Our story begins in Madeira, in1903, when a few dead birds were found and taken to Father Ernesto Schitz, a priest with a keen interest in natural history. He identified them as the Fea’s Petrel. Thirty years later those “Fea” skins were examined by a petrel expert Gregory Matthews who realized, to his excitement, that he was looking at the remains of a completely different species, unknown to science. Since no one had seen a live bird since 1903 he naturally assumed it was, by then, extinct.
And then, in 1940, a single dead petrel was found and taken, for identification, to Alec. He immediately recognized that this bird was none other than the one wrongly identified by Father Schitz – Clearly it was not extinct after all! After this he and his son Frank, and some of their friends made repeated trips to Madeira’s high mountains where the birds were most likely to breed, listening for the calls of petrels. But they heard nothing, and saw no signs.
Then Alec had an idea – because this new species was so similar to the Fea’s petrel in appearance, perhaps its call was similar too? He had made excellent recordings of Fea’s, and these he played to shepherds in the high mountains. To the excitement of father and son, one of the shepherds recognized it at once. Frank wrote: “Lucas (the shepherd) said the calls were ‘souls of shepherds who had died in the mountains’ and that they were to be heard near Pico Cidrao, in the central massif.”
And so, in 1969, Alec, Frank and Gunther “Jerry” Maul (who had stimulated their fascination with petrels in the first place) drove to Pico Areero, high in the mountains, then climbed down to a “stone table.” Remembering that night Frank wrote: “It was bitterly cold and very dark; ideal for listening.” There they huddled, waiting.

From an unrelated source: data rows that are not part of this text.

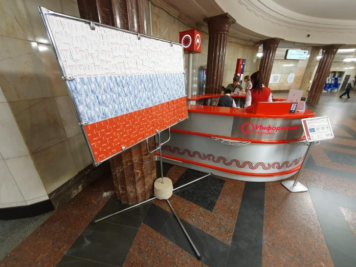 Флаг высотой 2 метра и шириной 1,5 метра пассажиры метрополитена смогут увидеть в аванзале станции «Курская». Триколор состоит из 750 тысяч использованных проездных «Единый» белого, синего и красного цвета.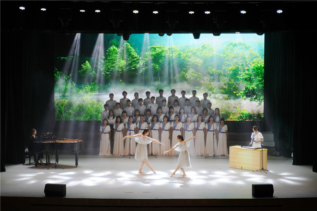第二篇章中,一系列喜闻乐见的经典视听艺术作品在二次创作后轮番上演,如乐器演奏《来日之歌》和歌曲串烧《我想和你唱》。其中,《来日之歌》将著名华语电影《麦兜当当伴我心》的插曲与卡农和西洋乐器相结合,层次丰富多样、旋律悠扬动听,给人似曾相识,又别出心裁的惊喜。除此之外,去年反响热烈的保留节目《联播趣谈》,以新颖独到、贴近生活的形式讲述近阶段的趣人趣事,见微知著,在生活中发现别样的精彩。而走秀节目《红色流影》以时装定格时光,用不同年代的服饰带领全场师生感受时代的缩影。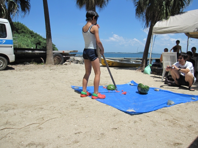スイカ割り。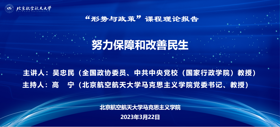 2023年3月22日下午,世界杯体官网“形势与政策”课程邀请全国政协委员、国家哲学社会科学一级教授、中共中央党校专家工作室领衔专家吴忠民教授走进世界杯体官网思政课课堂,作《努力保障和改善民生》专题报告。报告采取线上线下相结合的方式进行,世界杯体官网2021级和2022级本科生、世界杯体育官方网站和沈元学院师生聆听报告。世界杯体育官方网站党委书记高宁主持报告会。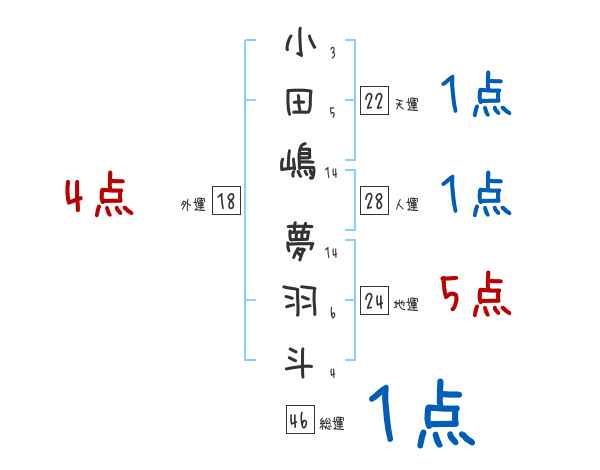 小田嶋夢羽斗さんの画数の鑑定結果

“Suddenly,” Frank remembered, “my father nudged me and said ‘Did you hear it?’ We both listened all the more intently and heard this noise above that of the wind. ‘Yes!’ we both called in delight – waking Jerry whose snoring we had been registering!!!” The “calls” stopped!! Soon, though (with Jerry wide awake from laughing), they heard the real calls and listened, entranced to the sounds that have been described (by Malcolm Smith) as “ghostly nocturnal wailing.”